-- DATA RECORDS follows --

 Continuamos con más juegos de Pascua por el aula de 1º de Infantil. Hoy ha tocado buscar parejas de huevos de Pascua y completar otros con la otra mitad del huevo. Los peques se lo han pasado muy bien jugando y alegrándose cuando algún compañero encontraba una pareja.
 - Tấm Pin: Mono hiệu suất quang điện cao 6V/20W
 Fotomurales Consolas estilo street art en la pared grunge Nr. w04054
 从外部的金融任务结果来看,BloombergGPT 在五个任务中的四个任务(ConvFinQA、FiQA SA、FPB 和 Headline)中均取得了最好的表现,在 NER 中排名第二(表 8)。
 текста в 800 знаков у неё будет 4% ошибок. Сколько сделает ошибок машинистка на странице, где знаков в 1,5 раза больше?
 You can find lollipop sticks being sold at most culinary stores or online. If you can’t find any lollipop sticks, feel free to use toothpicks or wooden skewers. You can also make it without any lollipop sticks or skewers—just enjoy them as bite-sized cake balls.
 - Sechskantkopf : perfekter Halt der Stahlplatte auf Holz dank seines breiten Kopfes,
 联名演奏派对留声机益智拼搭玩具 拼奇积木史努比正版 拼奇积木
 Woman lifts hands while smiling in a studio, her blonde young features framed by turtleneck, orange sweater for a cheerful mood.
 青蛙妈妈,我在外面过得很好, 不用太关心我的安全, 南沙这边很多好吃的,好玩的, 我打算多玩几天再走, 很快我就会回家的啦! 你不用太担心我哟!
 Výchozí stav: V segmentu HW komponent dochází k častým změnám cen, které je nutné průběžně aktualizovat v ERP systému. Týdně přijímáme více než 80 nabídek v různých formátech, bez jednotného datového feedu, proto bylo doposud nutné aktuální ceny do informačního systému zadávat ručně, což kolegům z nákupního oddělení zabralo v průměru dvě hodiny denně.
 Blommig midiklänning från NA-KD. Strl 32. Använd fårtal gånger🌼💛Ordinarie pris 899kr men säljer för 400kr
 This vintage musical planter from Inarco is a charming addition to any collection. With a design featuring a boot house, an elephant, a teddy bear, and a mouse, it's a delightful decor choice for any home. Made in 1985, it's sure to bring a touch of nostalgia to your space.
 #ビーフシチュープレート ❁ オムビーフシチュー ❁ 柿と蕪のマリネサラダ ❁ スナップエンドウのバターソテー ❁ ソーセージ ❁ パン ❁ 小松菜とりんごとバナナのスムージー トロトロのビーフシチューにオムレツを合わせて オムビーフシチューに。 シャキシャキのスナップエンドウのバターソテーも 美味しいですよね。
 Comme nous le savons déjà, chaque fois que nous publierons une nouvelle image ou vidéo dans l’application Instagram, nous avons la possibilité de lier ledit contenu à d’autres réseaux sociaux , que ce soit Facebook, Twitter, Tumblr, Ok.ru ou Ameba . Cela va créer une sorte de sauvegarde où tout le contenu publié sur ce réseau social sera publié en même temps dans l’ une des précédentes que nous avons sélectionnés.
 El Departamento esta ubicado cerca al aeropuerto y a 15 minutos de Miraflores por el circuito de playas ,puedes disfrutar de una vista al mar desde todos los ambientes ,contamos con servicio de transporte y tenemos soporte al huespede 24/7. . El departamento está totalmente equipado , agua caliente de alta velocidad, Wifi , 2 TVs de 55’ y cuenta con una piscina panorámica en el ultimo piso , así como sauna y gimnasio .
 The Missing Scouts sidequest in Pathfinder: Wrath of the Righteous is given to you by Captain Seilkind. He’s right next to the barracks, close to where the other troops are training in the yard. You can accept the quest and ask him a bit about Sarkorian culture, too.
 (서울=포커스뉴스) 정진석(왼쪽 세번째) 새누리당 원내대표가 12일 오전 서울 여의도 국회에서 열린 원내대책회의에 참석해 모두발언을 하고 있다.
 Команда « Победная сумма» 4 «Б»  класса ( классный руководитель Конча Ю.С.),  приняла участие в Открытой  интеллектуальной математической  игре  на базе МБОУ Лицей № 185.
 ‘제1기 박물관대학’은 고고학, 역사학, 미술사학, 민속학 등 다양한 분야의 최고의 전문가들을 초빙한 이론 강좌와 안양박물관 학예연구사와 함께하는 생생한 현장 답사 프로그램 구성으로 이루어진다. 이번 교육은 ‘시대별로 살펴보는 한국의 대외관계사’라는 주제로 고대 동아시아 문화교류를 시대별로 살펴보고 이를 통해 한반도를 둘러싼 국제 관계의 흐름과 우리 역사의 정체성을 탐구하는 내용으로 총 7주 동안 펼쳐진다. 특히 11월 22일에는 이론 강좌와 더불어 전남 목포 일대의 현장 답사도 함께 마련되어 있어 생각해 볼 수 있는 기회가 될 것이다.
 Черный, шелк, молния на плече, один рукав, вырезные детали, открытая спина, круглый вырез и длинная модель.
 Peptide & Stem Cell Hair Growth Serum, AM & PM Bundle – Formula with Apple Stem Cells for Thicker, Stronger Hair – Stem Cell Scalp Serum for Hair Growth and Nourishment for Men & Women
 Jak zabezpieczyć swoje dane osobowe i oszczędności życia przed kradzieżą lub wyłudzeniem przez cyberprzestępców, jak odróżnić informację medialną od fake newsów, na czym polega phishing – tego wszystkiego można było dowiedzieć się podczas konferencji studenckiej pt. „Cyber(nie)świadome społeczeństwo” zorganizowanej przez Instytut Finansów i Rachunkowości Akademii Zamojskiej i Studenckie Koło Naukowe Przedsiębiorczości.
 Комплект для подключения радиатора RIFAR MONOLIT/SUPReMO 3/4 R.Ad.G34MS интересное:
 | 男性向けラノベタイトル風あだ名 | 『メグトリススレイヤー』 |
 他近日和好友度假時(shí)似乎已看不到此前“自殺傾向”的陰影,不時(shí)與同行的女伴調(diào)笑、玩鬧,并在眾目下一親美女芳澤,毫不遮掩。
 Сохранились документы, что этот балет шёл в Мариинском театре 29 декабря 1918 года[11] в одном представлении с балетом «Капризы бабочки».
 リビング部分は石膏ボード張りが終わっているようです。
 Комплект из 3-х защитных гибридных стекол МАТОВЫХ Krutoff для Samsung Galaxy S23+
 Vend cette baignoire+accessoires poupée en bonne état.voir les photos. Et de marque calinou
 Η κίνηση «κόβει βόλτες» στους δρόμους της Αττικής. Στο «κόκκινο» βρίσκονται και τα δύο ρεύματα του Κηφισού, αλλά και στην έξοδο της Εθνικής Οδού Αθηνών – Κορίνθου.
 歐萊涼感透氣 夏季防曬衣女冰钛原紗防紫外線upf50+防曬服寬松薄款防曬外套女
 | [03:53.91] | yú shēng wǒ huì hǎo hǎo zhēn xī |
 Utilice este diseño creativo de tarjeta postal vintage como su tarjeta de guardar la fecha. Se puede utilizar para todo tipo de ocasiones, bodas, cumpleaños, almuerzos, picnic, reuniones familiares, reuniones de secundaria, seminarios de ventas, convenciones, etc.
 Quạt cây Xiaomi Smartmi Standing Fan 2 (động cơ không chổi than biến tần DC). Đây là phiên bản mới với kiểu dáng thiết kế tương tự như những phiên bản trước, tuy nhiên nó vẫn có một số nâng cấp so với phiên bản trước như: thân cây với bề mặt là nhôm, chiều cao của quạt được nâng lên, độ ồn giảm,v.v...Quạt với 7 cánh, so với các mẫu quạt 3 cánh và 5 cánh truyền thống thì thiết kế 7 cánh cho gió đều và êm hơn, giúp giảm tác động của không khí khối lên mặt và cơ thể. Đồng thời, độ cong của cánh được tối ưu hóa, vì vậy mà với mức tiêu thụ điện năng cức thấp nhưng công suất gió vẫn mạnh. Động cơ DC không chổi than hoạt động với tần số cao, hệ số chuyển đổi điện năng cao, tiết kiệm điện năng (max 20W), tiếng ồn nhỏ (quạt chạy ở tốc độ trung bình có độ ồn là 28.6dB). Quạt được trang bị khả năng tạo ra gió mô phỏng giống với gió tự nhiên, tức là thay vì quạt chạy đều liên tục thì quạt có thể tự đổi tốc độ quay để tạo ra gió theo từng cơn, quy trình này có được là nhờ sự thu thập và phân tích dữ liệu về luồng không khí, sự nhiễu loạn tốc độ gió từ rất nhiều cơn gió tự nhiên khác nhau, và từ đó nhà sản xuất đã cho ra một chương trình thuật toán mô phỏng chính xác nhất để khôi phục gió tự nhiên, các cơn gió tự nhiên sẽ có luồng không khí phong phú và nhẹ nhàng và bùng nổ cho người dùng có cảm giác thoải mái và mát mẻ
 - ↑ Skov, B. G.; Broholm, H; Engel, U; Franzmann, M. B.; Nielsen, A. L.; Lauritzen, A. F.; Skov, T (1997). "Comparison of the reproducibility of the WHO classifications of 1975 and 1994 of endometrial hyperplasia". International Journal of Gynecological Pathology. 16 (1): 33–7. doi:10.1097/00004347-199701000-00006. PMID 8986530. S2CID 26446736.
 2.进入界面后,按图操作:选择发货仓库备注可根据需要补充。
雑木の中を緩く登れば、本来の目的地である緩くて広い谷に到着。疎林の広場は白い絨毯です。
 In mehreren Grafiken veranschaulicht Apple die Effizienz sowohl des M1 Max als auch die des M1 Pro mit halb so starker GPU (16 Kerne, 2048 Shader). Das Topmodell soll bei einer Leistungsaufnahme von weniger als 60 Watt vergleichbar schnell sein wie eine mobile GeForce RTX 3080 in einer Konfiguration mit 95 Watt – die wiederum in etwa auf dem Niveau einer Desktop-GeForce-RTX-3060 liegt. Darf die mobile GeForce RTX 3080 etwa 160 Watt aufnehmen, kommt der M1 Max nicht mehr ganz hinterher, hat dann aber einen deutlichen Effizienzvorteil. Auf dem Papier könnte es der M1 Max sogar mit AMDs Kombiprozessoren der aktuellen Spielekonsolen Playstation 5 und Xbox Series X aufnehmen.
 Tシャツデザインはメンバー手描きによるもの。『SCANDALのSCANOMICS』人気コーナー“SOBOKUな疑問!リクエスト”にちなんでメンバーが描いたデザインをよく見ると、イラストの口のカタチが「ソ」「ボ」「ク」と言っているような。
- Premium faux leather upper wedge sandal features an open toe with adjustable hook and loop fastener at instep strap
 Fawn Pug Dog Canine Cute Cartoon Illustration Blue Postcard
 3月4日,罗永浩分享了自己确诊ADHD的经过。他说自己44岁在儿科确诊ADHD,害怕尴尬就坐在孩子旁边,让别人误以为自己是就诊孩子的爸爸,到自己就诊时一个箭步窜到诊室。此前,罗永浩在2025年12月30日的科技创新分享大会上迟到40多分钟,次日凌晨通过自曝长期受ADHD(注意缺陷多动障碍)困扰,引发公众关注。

-- DATA RECORDS concluded --

PROBLEM TO WORK ON:
What is the number of lines above that contain the string "vintage"? Answer with the number alone.

YOUR RESPONSE:
2